Exercise prompt
Only the lines from the one containing "identifies which specific" to the end of the material are to be copied, exactly and in full; images stay out.

Data for review
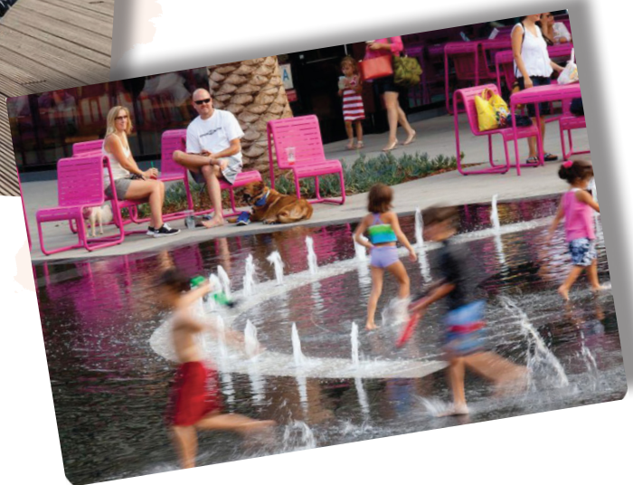
Activity nodes along the waterfront promenade
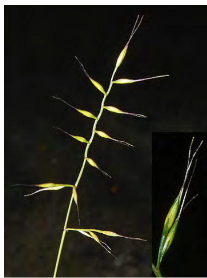
HAIRY FESCUE (Festuca microstachys) Native Annual - Grass Family - (Apr-Jun) - Disturbed, open, gen sandy soils - Stem 6-29". Spikelet 0.2-0.4" long, awn 0.1-0.5" long. Glumes & lemma smooth or hairy.
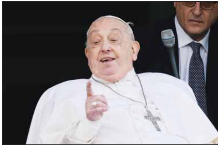
Pope Francis gestures as he appears at a window of the Agostino Gemelli Polyclinic in Rome, Sunday, March 23.

"I see this woman with the yellow flowers. Brava!" a tired and bloated-looking Francis said. He gave a weak sign of the cross before being wheeled back inside.
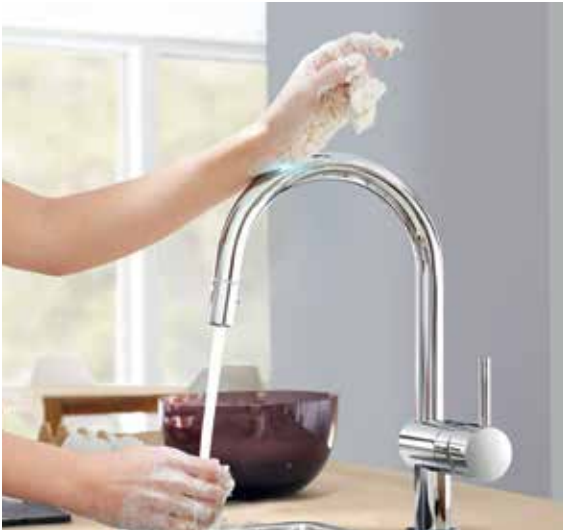
Simple activation/deactivation of the water flow by touch.
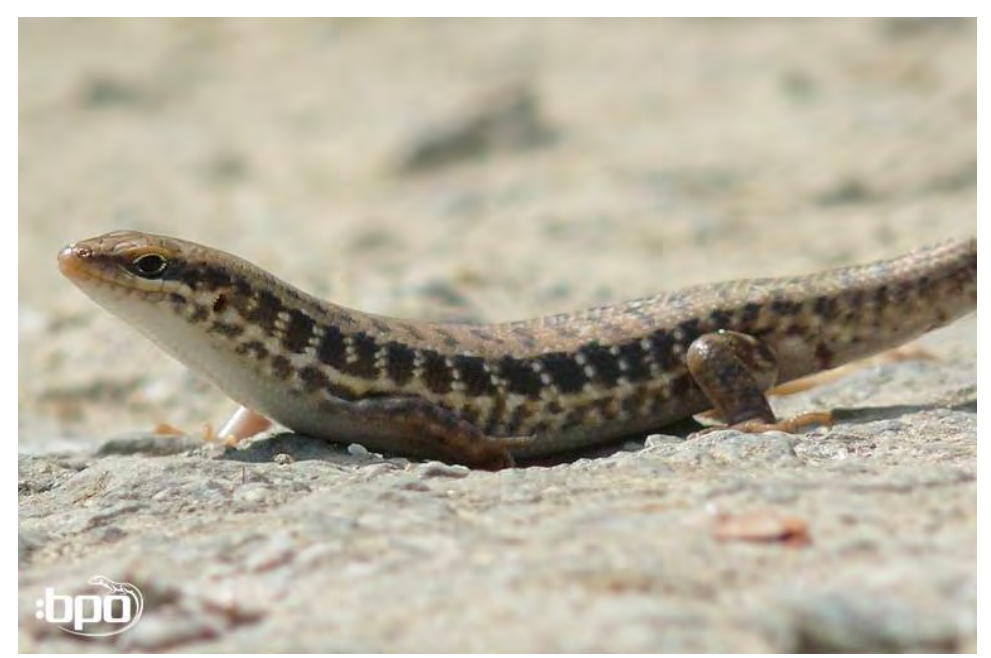
For us, Trachylepis aurata is one of the most beautiful lizards in Europe!
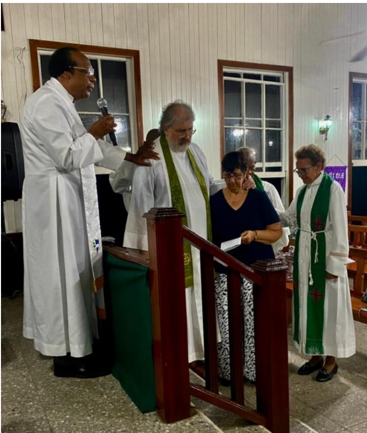
Welcome service at Mizpah
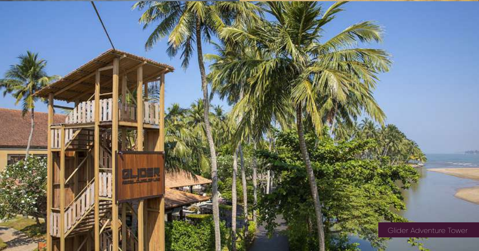
Glider Adventure Tower
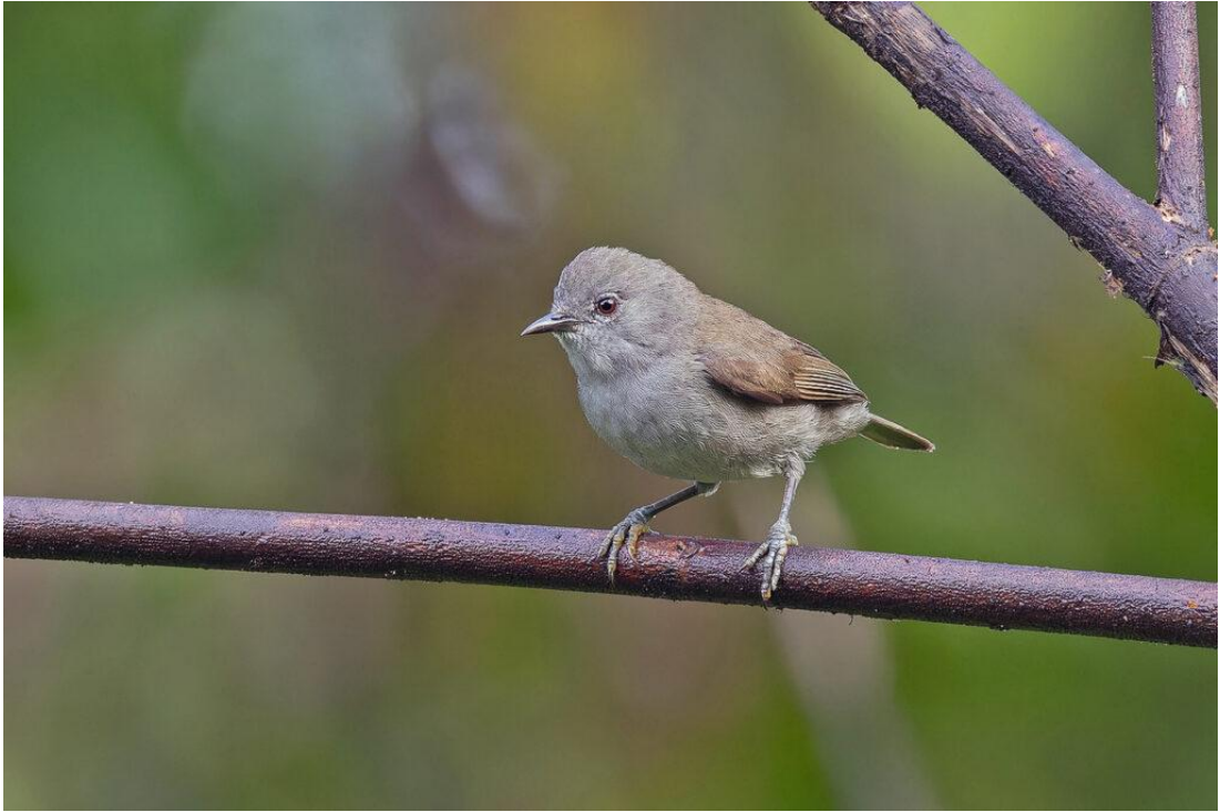
Grey-brown White-eye
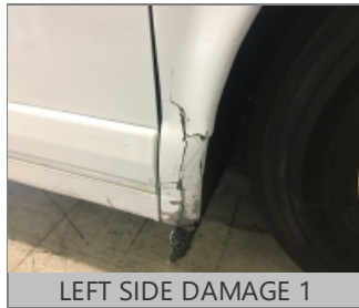
LEFT SIDE DAMAGE 1
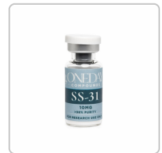
SS-31 10mg - OC-SS31-102
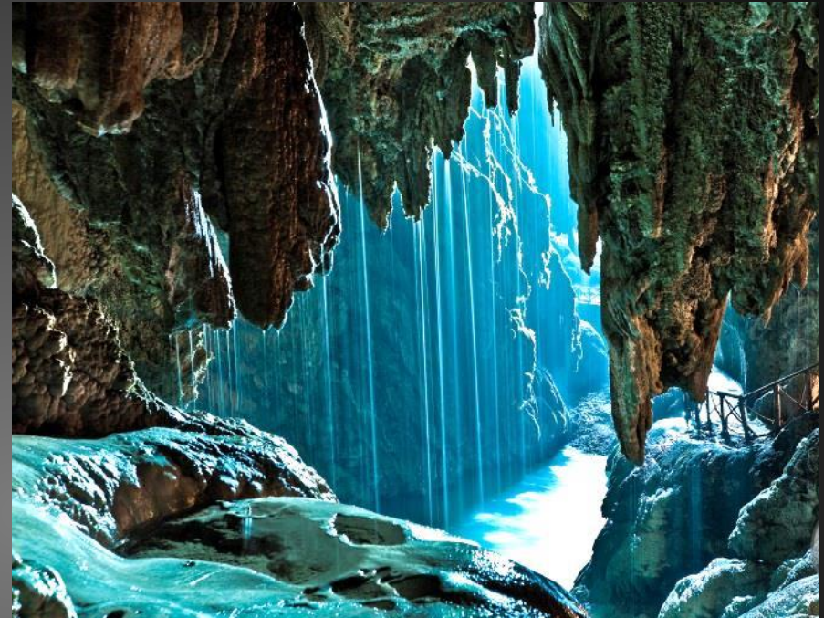
Monasterio de Piedra
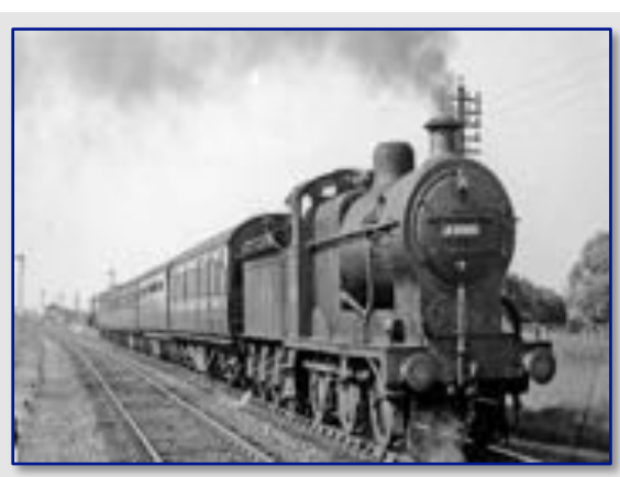
The glorious days of steam.

If you're interested, please use the above email. We already have a willing co-ordinator and just need people and a venue!
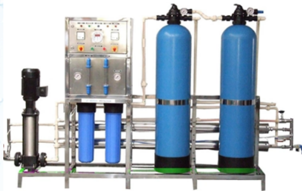
2000 Lph Industrial Reverse Osmosis Plant

Reverse Osmosis Plants removes high TDS, Salinity & Microbes from source water
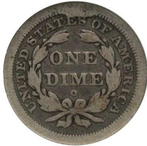
Figure 3: F-111b Reverse Cud

high grade F-111a example for the web-book. However, the divot bothered me as it did not appear to be the result of a post mint damage event but rather a potential filled die issue. Additional confirmation pieces would be necessary to validate my assumption and those were located after carefully searching on eBay.
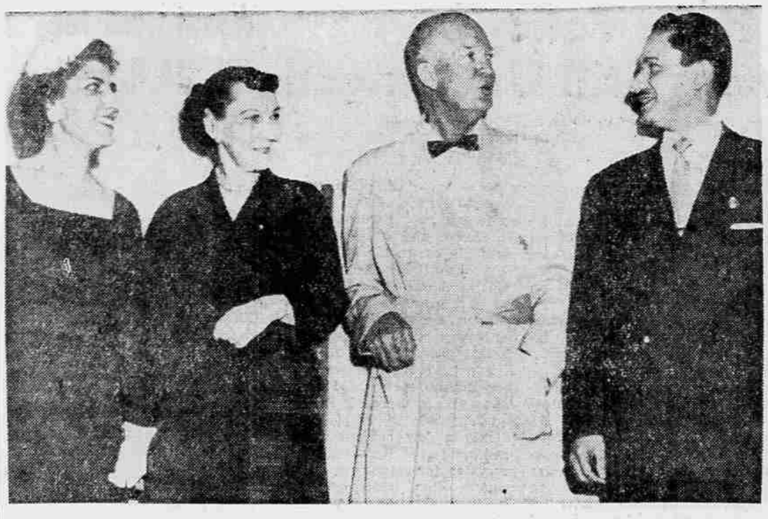
UNUSUAL STATE VISIT —Guatemala President and Mrs. Carlos Castillo Armas pose with President and Mrs. Dwight Eisenhower after paying like a 20-minute visit in his suite at Fitzsimons Hospital in Denver. The visitors from Central America gave Ike and Mamie several gifts, including a marimba, native doll, Indian drum and a United States presidential flag, handmade by a group of Guatemalan nuns.
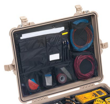
1609 Lid Organizer
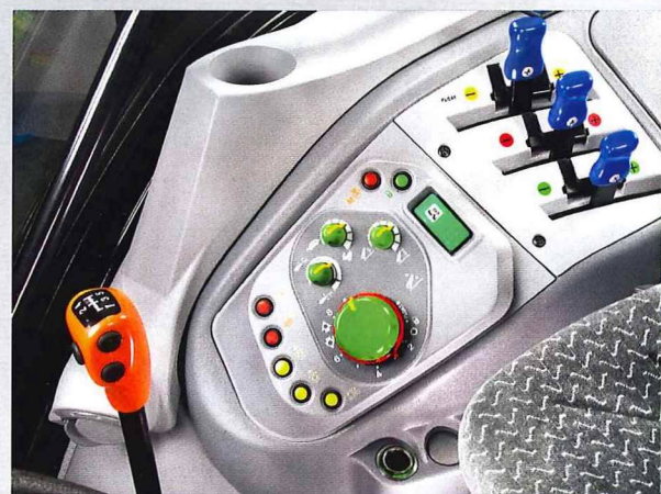
Neatly arranged control levers in the right console.
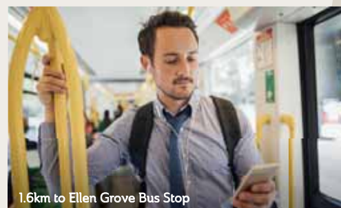
1.6km to Ellen Grove Bus Stop
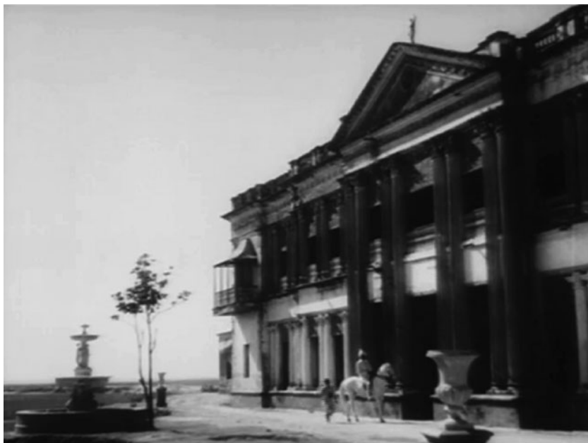
Figure 2. Jalsaghar : Lord Roy arrives at his splendid palace, with fountain in front.

identifies which specific musician is playing the shenai . Ganguly, we will learn, is an entrepreneurial parvenu—at least from the perspective of Lord Roy and also, arguably, from the perspective of director Ray.
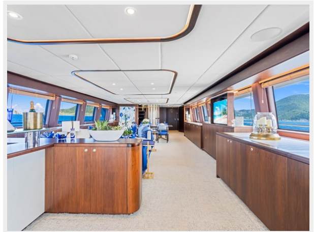
View Of Bar, Main Salon & Dining Area From Main Aft Deck Entrance
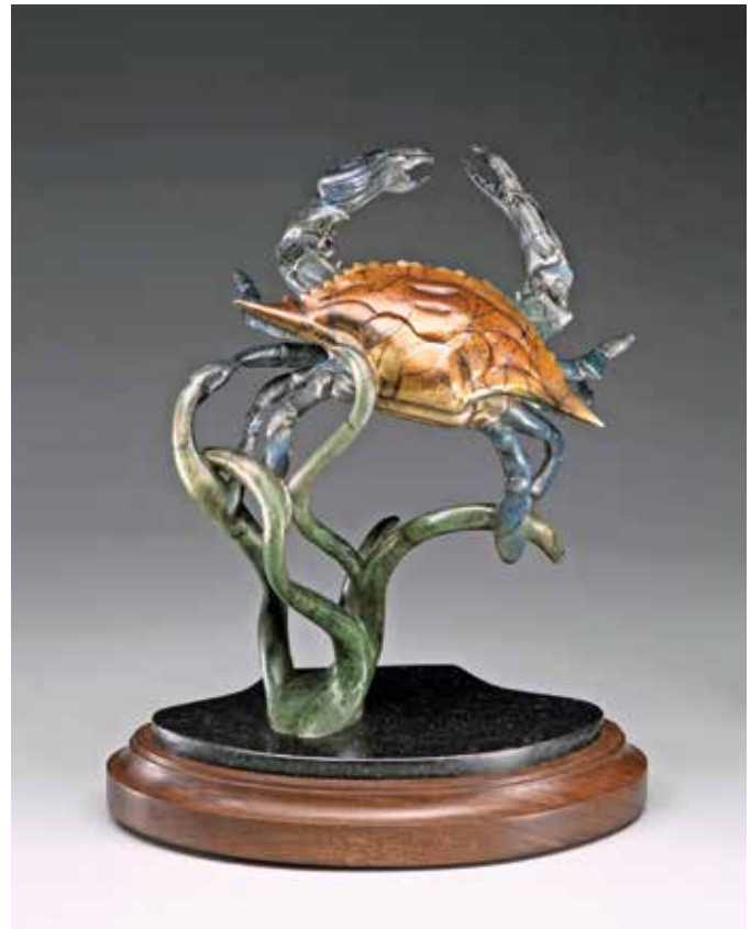
Kim Shaklee Master Signature Ascent Bronze - Edition of 30 14-1/2" x 11-1/2" x 8-1/2" $3,850
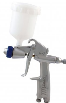
S322 Gravity Feed - Spray Gun

Answer to this problem
identifies which specific musician is playing the shenai . Ganguly, we will learn, is an entrepreneurial parvenu—at least from the perspective of Lord Roy and also, arguably, from the perspective of director Ray.
View Of Bar, Main Salon & Dining Area From Main Aft Deck Entrance
Kim Shaklee Master Signature Ascent Bronze - Edition of 30 14-1/2" x 11-1/2" x 8-1/2" $3,850
S322 Gravity Feed - Spray Gun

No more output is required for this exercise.